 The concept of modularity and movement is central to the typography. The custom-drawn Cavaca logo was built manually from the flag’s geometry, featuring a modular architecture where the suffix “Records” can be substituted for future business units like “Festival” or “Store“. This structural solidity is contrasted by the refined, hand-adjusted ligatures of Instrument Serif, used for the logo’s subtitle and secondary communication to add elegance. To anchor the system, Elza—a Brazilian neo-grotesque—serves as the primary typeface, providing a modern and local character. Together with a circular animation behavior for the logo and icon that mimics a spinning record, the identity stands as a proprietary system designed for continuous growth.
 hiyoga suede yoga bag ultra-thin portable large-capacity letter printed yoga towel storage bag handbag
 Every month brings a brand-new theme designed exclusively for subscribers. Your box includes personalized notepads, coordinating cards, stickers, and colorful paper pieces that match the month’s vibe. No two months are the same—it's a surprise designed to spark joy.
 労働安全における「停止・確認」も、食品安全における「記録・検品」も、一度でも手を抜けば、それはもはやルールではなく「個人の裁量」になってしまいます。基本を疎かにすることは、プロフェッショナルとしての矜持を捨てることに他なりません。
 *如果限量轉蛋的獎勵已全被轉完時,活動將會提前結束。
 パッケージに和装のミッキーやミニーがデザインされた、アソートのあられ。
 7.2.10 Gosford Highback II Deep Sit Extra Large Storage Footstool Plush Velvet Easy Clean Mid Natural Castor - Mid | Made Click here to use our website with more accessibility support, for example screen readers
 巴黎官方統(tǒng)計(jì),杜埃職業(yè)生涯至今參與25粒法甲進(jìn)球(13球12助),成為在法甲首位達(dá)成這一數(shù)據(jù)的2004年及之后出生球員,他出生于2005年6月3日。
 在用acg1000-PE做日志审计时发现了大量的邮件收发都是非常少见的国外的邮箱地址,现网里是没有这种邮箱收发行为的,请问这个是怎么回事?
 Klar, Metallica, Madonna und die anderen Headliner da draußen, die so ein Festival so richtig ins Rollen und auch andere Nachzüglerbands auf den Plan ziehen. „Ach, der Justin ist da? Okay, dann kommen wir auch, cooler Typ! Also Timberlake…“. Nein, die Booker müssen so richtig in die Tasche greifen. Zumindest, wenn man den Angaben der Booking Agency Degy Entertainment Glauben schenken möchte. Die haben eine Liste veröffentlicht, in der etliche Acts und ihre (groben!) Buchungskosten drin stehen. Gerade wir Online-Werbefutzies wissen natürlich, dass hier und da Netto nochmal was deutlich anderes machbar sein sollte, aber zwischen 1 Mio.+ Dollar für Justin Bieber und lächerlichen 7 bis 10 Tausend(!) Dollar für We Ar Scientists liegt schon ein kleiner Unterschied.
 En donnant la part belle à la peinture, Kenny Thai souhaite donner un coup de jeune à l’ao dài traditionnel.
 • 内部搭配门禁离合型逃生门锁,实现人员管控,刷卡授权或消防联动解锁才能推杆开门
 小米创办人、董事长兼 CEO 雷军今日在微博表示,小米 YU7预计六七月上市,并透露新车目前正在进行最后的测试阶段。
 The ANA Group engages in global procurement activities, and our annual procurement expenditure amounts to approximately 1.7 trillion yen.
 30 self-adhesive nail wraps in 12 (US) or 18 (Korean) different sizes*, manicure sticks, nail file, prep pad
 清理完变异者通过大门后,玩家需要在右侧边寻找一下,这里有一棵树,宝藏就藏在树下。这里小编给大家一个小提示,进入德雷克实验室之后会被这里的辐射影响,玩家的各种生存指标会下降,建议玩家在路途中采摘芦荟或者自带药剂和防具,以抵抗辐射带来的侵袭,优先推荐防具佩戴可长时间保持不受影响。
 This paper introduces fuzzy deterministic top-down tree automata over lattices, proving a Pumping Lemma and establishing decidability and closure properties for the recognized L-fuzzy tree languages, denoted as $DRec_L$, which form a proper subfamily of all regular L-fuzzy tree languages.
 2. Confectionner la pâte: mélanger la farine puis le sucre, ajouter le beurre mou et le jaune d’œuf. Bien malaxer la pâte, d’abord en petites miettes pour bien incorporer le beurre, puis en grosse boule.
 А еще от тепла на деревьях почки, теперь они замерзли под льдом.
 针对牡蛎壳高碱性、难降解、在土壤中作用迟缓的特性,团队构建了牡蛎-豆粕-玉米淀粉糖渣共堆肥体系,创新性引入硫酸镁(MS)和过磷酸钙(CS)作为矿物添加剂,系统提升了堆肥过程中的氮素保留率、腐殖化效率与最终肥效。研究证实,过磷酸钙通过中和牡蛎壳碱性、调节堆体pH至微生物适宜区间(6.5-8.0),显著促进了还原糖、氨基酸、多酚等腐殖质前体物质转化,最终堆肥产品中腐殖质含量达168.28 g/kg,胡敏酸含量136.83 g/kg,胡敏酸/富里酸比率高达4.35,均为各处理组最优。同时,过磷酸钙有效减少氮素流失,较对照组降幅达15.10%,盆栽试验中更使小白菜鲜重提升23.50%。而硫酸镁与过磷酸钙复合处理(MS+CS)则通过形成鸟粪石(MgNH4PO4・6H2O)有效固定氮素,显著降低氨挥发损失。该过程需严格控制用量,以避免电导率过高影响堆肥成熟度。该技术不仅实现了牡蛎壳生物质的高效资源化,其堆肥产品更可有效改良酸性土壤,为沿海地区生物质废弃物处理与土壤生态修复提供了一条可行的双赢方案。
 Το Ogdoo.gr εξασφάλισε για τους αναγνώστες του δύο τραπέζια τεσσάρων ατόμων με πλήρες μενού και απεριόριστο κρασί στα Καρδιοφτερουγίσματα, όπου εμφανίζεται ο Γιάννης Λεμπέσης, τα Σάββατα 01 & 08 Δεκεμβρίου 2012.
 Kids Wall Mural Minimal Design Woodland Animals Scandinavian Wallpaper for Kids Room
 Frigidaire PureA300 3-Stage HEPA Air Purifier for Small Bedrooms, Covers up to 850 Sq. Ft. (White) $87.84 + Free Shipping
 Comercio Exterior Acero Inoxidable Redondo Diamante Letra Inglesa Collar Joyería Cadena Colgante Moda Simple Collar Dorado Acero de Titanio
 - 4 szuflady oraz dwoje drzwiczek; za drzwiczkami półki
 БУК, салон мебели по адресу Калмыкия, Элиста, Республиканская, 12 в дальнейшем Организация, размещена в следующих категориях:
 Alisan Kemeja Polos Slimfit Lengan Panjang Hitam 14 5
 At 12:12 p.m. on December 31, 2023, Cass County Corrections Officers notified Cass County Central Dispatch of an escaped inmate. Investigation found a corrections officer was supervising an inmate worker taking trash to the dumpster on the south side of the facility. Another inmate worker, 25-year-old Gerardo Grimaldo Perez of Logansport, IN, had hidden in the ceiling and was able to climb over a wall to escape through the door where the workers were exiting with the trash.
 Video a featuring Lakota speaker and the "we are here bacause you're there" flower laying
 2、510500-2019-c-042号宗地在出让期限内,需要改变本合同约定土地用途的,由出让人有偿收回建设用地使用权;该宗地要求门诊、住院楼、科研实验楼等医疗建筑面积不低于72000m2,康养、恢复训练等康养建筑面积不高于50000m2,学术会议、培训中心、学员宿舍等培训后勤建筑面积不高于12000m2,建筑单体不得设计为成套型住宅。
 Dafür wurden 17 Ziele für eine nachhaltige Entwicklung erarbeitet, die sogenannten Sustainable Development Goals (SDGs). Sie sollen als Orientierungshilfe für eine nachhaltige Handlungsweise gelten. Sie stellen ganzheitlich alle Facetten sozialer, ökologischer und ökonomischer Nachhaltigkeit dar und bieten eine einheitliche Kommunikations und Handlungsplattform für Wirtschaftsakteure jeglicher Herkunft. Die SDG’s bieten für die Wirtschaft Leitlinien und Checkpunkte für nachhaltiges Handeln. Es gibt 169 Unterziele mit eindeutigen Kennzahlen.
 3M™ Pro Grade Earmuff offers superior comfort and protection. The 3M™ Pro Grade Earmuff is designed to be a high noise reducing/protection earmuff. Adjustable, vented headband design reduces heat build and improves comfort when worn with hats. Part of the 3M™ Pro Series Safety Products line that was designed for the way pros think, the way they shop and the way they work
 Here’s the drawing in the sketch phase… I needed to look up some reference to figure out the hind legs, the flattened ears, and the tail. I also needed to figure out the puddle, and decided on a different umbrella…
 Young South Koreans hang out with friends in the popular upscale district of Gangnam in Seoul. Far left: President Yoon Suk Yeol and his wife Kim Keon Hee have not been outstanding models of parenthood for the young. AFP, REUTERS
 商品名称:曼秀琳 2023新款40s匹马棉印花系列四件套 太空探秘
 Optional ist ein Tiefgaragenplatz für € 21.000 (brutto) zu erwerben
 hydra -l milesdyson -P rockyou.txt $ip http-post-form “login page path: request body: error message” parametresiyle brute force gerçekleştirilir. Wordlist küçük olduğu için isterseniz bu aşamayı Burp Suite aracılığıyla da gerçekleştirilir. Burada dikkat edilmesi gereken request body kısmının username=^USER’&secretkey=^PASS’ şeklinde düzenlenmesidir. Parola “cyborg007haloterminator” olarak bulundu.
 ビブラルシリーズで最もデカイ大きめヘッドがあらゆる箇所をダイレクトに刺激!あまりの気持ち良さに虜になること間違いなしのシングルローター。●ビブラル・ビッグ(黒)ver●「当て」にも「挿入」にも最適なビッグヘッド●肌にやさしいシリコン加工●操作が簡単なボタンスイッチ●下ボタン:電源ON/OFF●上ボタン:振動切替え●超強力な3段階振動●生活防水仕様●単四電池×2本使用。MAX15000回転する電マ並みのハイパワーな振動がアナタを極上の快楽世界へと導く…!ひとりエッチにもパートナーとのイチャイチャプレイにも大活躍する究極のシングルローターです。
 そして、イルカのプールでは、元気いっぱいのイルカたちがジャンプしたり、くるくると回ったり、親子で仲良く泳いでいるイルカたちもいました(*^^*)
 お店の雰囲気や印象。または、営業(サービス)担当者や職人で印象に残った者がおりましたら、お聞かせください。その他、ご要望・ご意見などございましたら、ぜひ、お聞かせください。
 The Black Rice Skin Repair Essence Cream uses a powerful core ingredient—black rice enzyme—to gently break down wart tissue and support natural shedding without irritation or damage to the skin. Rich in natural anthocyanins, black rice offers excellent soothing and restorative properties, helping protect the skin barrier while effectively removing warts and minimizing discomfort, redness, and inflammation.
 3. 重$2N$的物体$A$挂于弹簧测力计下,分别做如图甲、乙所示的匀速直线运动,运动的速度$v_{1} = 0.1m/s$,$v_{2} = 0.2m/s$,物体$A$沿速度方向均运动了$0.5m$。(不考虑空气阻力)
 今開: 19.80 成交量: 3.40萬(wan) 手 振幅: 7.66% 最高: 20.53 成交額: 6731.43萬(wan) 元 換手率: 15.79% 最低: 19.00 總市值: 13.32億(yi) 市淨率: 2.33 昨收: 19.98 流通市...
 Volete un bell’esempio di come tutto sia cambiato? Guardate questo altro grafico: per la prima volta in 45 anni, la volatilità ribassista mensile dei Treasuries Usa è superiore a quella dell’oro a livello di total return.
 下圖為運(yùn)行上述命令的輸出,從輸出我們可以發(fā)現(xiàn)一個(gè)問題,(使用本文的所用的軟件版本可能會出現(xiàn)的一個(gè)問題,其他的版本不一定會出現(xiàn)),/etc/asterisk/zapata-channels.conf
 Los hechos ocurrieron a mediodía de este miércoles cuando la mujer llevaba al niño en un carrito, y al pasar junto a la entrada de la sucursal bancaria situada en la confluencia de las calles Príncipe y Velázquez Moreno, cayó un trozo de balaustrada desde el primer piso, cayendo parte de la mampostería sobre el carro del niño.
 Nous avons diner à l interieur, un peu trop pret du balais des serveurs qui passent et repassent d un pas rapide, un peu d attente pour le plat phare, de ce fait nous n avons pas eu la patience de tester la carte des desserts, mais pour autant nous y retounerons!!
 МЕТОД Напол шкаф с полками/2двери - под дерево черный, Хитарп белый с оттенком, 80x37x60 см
+---+
**INSTRUCTIONS FOR THE TASK**
Output the lines of the records above exactly as they appear, from the line containing "2. Confectionner la" through the line containing "- 4 szuflady".

**ANSWER SECTION**
 2. Confectionner la pâte: mélanger la farine puis le sucre, ajouter le beurre mou et le jaune d’œuf. Bien malaxer la pâte, d’abord en petites miettes pour bien incorporer le beurre, puis en grosse boule.
 А еще от тепла на деревьях почки, теперь они замерзли под льдом.
 针对牡蛎壳高碱性、难降解、在土壤中作用迟缓的特性,团队构建了牡蛎-豆粕-玉米淀粉糖渣共堆肥体系,创新性引入硫酸镁(MS)和过磷酸钙(CS)作为矿物添加剂,系统提升了堆肥过程中的氮素保留率、腐殖化效率与最终肥效。研究证实,过磷酸钙通过中和牡蛎壳碱性、调节堆体pH至微生物适宜区间(6.5-8.0),显著促进了还原糖、氨基酸、多酚等腐殖质前体物质转化,最终堆肥产品中腐殖质含量达168.28 g/kg,胡敏酸含量136.83 g/kg,胡敏酸/富里酸比率高达4.35,均为各处理组最优。同时,过磷酸钙有效减少氮素流失,较对照组降幅达15.10%,盆栽试验中更使小白菜鲜重提升23.50%。而硫酸镁与过磷酸钙复合处理(MS+CS)则通过形成鸟粪石(MgNH4PO4・6H2O)有效固定氮素,显著降低氨挥发损失。该过程需严格控制用量,以避免电导率过高影响堆肥成熟度。该技术不仅实现了牡蛎壳生物质的高效资源化,其堆肥产品更可有效改良酸性土壤,为沿海地区生物质废弃物处理与土壤生态修复提供了一条可行的双赢方案。
 Το Ogdoo.gr εξασφάλισε για τους αναγνώστες του δύο τραπέζια τεσσάρων ατόμων με πλήρες μενού και απεριόριστο κρασί στα Καρδιοφτερουγίσματα, όπου εμφανίζεται ο Γιάννης Λεμπέσης, τα Σάββατα 01 & 08 Δεκεμβρίου 2012.
 Kids Wall Mural Minimal Design Woodland Animals Scandinavian Wallpaper for Kids Room
 Frigidaire PureA300 3-Stage HEPA Air Purifier for Small Bedrooms, Covers up to 850 Sq. Ft. (White) $87.84 + Free Shipping
 Comercio Exterior Acero Inoxidable Redondo Diamante Letra Inglesa Collar Joyería Cadena Colgante Moda Simple Collar Dorado Acero de Titanio
 - 4 szuflady oraz dwoje drzwiczek; za drzwiczkami półki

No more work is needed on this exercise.